Schon im ersten Jahr zeigte sich der hohe Bedarf: Rund 1.000 Patientinnen und Patienten mit Schulter- und Ellenbogenerkrankungen wurden operativ behandelt, darunter viele mit komplexen Befunden. Ein besonderer Schwerpunkt liegt in der Endoprothetik, also dem künstlichen Gelenkersatz, sowohl an der Schulter als auch am Ellenbogen. Mit über 150 endoprothetischen Eingriffen pro Jahr zählt unser Haus zu den führenden Schulterendoprothetik-Zentren in Deutschland.
Wir bieten das komplette operative Spektrum:
- Arthroskopische Verfahren (Schlüssellochchirurgie)
- Rekonstruktive Operationen zur Wiederherstellung von Gelenk- und Muskelstrukturen
- Künstlicher Gelenkersatz (anatomische und inverse Schulterprothesen, Ellenbogenprothesen)

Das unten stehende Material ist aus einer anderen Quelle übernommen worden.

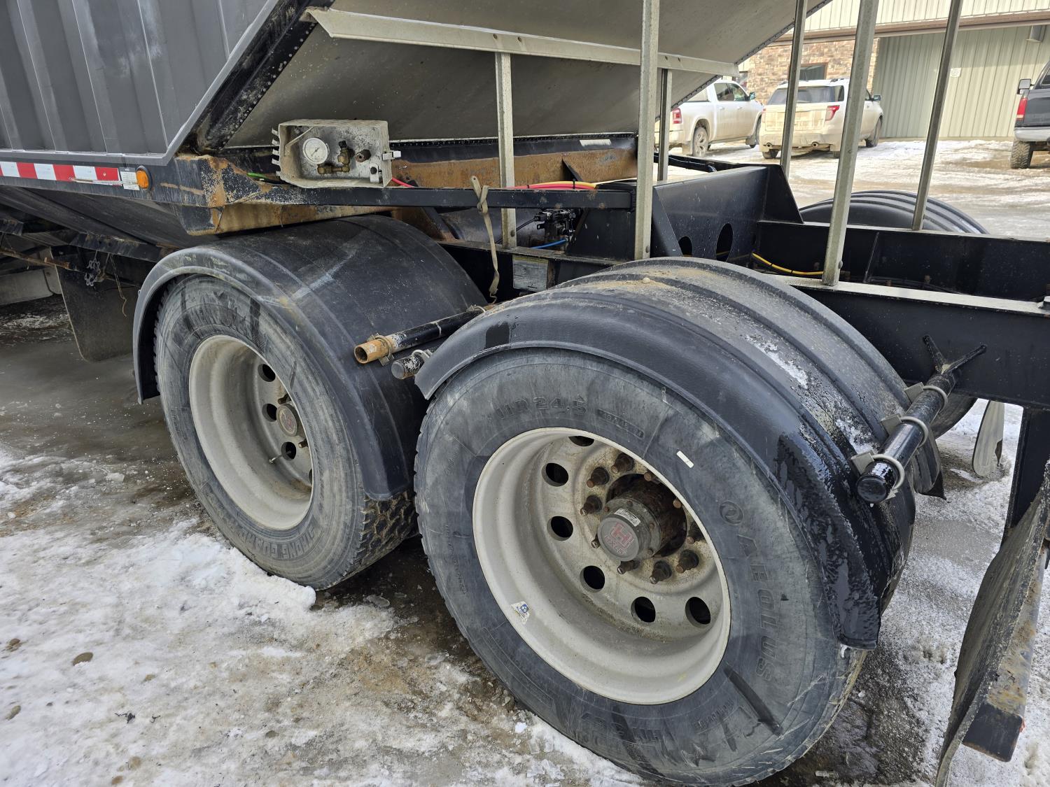 air scales, air ride suspension, dual hopper openers, roll tarps, aluminum wheels, 11R24.5 tires

- Revisionsoperationen bei gelockerten oder defekten Kunstgelenken
Hier erhalten Sie weitere Informationen zu den häufigsten Schultererkrankungen und unseren Behandlungsstrategien.
Schulterschmerzsyndrom (Impingement-Syndrom)
Das Schulterschmerzsyndrom (medizinisch: subakromiales Schmerzsyndrom, Impingement-Syndrom, Engpasssyndrom) gehört zu den häufigsten Ursachen für Schulterschmerzen. Es entsteht, wenn es im engen Raum zwischen Schulterdach (Akromion) und Oberarmkopf zu Reizungen und Entzündungen kommt. Dabei sind oft auch die Rotatorenmanschette oder die lange Bizepssehne betroffen.
Typische Beschwerden
- Schmerzen beim Heben des Arms nach vorne oder über den Kopf
- Ruheschmerzen und häufig Nachtschmerzen beim Liegen auf der betroffenen Schulter
- Eingeschränkte Beweglichkeit, typischerweise ein „schmerzhafter Bogen“ beim seitlichen Anheben des Arms
Behandlungsmöglichkeiten
Zunächst steht die konservative Therapie im Vordergrund – in der Regel über 2–3 Monate:
- Schmerzmittel
- gezielte Injektionen in den Schulterraum
- Physiotherapie und gezielte Übungen
Wenn die Beschwerden trotz Therapie bestehen bleiben, kann eine arthroskopische Operation sinnvoll sein:
- Endoskopische subakromiale Dekompression (ESD): Der Raum unter dem Schulterdach wird erweitert, knöcherne Engstellen (z. B. ein Akromionsporn) werden abgetragen.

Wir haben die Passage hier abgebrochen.